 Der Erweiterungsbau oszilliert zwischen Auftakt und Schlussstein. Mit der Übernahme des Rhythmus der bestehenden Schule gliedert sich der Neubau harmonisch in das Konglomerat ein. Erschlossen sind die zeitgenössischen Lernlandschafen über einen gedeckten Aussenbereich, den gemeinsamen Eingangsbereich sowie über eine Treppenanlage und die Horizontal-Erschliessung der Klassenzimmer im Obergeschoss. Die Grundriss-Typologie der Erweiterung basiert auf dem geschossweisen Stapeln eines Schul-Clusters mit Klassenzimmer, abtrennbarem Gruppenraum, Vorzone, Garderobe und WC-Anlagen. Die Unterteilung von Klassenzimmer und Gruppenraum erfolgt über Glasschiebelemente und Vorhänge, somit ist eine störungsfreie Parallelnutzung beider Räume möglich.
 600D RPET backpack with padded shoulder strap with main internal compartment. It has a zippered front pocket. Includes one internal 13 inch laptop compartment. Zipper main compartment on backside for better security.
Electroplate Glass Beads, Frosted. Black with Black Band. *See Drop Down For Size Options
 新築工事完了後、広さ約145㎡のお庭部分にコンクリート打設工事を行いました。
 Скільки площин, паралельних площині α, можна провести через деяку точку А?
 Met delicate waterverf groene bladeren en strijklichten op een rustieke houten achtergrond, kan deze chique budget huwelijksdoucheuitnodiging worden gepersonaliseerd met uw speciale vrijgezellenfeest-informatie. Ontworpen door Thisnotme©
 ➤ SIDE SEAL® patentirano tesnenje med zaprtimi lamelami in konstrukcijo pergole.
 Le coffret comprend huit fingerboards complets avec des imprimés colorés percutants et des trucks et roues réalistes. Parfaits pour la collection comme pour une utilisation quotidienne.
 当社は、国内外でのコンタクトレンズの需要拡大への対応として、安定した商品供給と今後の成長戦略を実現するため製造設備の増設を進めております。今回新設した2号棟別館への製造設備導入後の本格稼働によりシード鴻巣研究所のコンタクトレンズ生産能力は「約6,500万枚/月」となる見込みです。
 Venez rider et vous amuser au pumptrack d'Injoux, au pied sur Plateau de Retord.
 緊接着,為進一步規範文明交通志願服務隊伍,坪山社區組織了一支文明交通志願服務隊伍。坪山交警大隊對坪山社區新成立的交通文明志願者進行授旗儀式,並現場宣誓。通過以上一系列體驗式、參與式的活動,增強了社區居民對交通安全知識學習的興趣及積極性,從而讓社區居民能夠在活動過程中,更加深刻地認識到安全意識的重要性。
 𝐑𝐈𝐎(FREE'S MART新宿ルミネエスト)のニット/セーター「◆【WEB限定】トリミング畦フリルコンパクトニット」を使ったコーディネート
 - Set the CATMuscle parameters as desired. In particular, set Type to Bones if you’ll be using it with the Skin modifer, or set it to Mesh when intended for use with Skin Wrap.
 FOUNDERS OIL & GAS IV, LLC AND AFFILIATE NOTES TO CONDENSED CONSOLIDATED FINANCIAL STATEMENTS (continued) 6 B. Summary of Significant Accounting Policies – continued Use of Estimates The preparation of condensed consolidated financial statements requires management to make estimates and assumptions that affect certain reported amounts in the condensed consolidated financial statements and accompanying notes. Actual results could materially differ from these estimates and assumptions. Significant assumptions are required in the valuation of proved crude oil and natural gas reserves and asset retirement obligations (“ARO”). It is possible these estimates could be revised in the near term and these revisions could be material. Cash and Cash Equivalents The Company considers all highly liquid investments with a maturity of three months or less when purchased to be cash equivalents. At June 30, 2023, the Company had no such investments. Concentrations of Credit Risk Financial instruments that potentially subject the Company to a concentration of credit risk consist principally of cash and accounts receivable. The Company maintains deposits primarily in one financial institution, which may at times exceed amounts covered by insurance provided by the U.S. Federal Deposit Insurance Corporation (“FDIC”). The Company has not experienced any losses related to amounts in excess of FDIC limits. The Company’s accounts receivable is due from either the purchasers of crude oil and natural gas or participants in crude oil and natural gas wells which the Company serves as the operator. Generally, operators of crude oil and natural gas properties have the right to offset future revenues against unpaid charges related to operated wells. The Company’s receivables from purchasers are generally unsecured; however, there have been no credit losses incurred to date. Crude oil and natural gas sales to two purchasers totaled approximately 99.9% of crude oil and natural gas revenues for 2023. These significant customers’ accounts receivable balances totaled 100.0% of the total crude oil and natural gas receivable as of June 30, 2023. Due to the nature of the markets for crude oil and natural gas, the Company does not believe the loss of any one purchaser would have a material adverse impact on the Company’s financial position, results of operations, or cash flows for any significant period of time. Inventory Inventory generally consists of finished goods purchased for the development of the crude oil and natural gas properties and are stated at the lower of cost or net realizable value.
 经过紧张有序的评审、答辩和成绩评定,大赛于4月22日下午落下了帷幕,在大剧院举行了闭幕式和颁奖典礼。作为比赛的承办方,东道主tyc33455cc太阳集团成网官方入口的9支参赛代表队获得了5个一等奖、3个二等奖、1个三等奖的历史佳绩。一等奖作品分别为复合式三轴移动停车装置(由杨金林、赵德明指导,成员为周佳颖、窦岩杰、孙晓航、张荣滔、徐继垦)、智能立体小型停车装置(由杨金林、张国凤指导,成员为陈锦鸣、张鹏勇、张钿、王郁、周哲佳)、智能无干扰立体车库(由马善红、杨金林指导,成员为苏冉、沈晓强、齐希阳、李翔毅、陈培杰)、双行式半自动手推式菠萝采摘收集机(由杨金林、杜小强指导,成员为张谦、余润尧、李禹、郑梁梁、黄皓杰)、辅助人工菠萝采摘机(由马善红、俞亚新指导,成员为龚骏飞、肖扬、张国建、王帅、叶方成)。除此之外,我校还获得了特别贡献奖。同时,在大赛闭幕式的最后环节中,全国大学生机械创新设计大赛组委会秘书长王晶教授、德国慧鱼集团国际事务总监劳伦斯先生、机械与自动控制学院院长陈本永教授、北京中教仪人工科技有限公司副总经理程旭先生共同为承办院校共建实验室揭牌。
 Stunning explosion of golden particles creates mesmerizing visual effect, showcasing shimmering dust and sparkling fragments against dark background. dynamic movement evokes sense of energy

##########

### Problem to work on
What you output should match every line above exactly.

### Response below
 Der Erweiterungsbau oszilliert zwischen Auftakt und Schlussstein. Mit der Übernahme des Rhythmus der bestehenden Schule gliedert sich der Neubau harmonisch in das Konglomerat ein. Erschlossen sind die zeitgenössischen Lernlandschafen über einen gedeckten Aussenbereich, den gemeinsamen Eingangsbereich sowie über eine Treppenanlage und die Horizontal-Erschliessung der Klassenzimmer im Obergeschoss. Die Grundriss-Typologie der Erweiterung basiert auf dem geschossweisen Stapeln eines Schul-Clusters mit Klassenzimmer, abtrennbarem Gruppenraum, Vorzone, Garderobe und WC-Anlagen. Die Unterteilung von Klassenzimmer und Gruppenraum erfolgt über Glasschiebelemente und Vorhänge, somit ist eine störungsfreie Parallelnutzung beider Räume möglich.
 600D RPET backpack with padded shoulder strap with main internal compartment. It has a zippered front pocket. Includes one internal 13 inch laptop compartment. Zipper main compartment on backside for better security.
Electroplate Glass Beads, Frosted. Black with Black Band. *See Drop Down For Size Options
 新築工事完了後、広さ約145㎡のお庭部分にコンクリート打設工事を行いました。
 Скільки площин, паралельних площині α, можна провести через деяку точку А?
 Met delicate waterverf groene bladeren en strijklichten op een rustieke houten achtergrond, kan deze chique budget huwelijksdoucheuitnodiging worden gepersonaliseerd met uw speciale vrijgezellenfeest-informatie. Ontworpen door Thisnotme©
 ➤ SIDE SEAL® patentirano tesnenje med zaprtimi lamelami in konstrukcijo pergole.
 Le coffret comprend huit fingerboards complets avec des imprimés colorés percutants et des trucks et roues réalistes. Parfaits pour la collection comme pour une utilisation quotidienne.
 当社は、国内外でのコンタクトレンズの需要拡大への対応として、安定した商品供給と今後の成長戦略を実現するため製造設備の増設を進めております。今回新設した2号棟別館への製造設備導入後の本格稼働によりシード鴻巣研究所のコンタクトレンズ生産能力は「約6,500万枚/月」となる見込みです。
 Venez rider et vous amuser au pumptrack d'Injoux, au pied sur Plateau de Retord.
 緊接着,為進一步規範文明交通志願服務隊伍,坪山社區組織了一支文明交通志願服務隊伍。坪山交警大隊對坪山社區新成立的交通文明志願者進行授旗儀式,並現場宣誓。通過以上一系列體驗式、參與式的活動,增強了社區居民對交通安全知識學習的興趣及積極性,從而讓社區居民能夠在活動過程中,更加深刻地認識到安全意識的重要性。
 𝐑𝐈𝐎(FREE'S MART新宿ルミネエスト)のニット/セーター「◆【WEB限定】トリミング畦フリルコンパクトニット」を使ったコーディネート
 - Set the CATMuscle parameters as desired. In particular, set Type to Bones if you’ll be using it with the Skin modifer, or set it to Mesh when intended for use with Skin Wrap.
 FOUNDERS OIL & GAS IV, LLC AND AFFILIATE NOTES TO CONDENSED CONSOLIDATED FINANCIAL STATEMENTS (continued) 6 B. Summary of Significant Accounting Policies – continued Use of Estimates The preparation of condensed consolidated financial statements requires management to make estimates and assumptions that affect certain reported amounts in the condensed consolidated financial statements and accompanying notes. Actual results could materially differ from these estimates and assumptions. Significant assumptions are required in the valuation of proved crude oil and natural gas reserves and asset retirement obligations (“ARO”). It is possible these estimates could be revised in the near term and these revisions could be material. Cash and Cash Equivalents The Company considers all highly liquid investments with a maturity of three months or less when purchased to be cash equivalents. At June 30, 2023, the Company had no such investments. Concentrations of Credit Risk Financial instruments that potentially subject the Company to a concentration of credit risk consist principally of cash and accounts receivable. The Company maintains deposits primarily in one financial institution, which may at times exceed amounts covered by insurance provided by the U.S. Federal Deposit Insurance Corporation (“FDIC”). The Company has not experienced any losses related to amounts in excess of FDIC limits. The Company’s accounts receivable is due from either the purchasers of crude oil and natural gas or participants in crude oil and natural gas wells which the Company serves as the operator. Generally, operators of crude oil and natural gas properties have the right to offset future revenues against unpaid charges related to operated wells. The Company’s receivables from purchasers are generally unsecured; however, there have been no credit losses incurred to date. Crude oil and natural gas sales to two purchasers totaled approximately 99.9% of crude oil and natural gas revenues for 2023. These significant customers’ accounts receivable balances totaled 100.0% of the total crude oil and natural gas receivable as of June 30, 2023. Due to the nature of the markets for crude oil and natural gas, the Company does not believe the loss of any one purchaser would have a material adverse impact on the Company’s financial position, results of operations, or cash flows for any significant period of time. Inventory Inventory generally consists of finished goods purchased for the development of the crude oil and natural gas properties and are stated at the lower of cost or net realizable value.
 经过紧张有序的评审、答辩和成绩评定,大赛于4月22日下午落下了帷幕,在大剧院举行了闭幕式和颁奖典礼。作为比赛的承办方,东道主tyc33455cc太阳集团成网官方入口的9支参赛代表队获得了5个一等奖、3个二等奖、1个三等奖的历史佳绩。一等奖作品分别为复合式三轴移动停车装置(由杨金林、赵德明指导,成员为周佳颖、窦岩杰、孙晓航、张荣滔、徐继垦)、智能立体小型停车装置(由杨金林、张国凤指导,成员为陈锦鸣、张鹏勇、张钿、王郁、周哲佳)、智能无干扰立体车库(由马善红、杨金林指导,成员为苏冉、沈晓强、齐希阳、李翔毅、陈培杰)、双行式半自动手推式菠萝采摘收集机(由杨金林、杜小强指导,成员为张谦、余润尧、李禹、郑梁梁、黄皓杰)、辅助人工菠萝采摘机(由马善红、俞亚新指导,成员为龚骏飞、肖扬、张国建、王帅、叶方成)。除此之外,我校还获得了特别贡献奖。同时,在大赛闭幕式的最后环节中,全国大学生机械创新设计大赛组委会秘书长王晶教授、德国慧鱼集团国际事务总监劳伦斯先生、机械与自动控制学院院长陈本永教授、北京中教仪人工科技有限公司副总经理程旭先生共同为承办院校共建实验室揭牌。
 Stunning explosion of golden particles creates mesmerizing visual effect, showcasing shimmering dust and sparkling fragments against dark background. dynamic movement evokes sense of energy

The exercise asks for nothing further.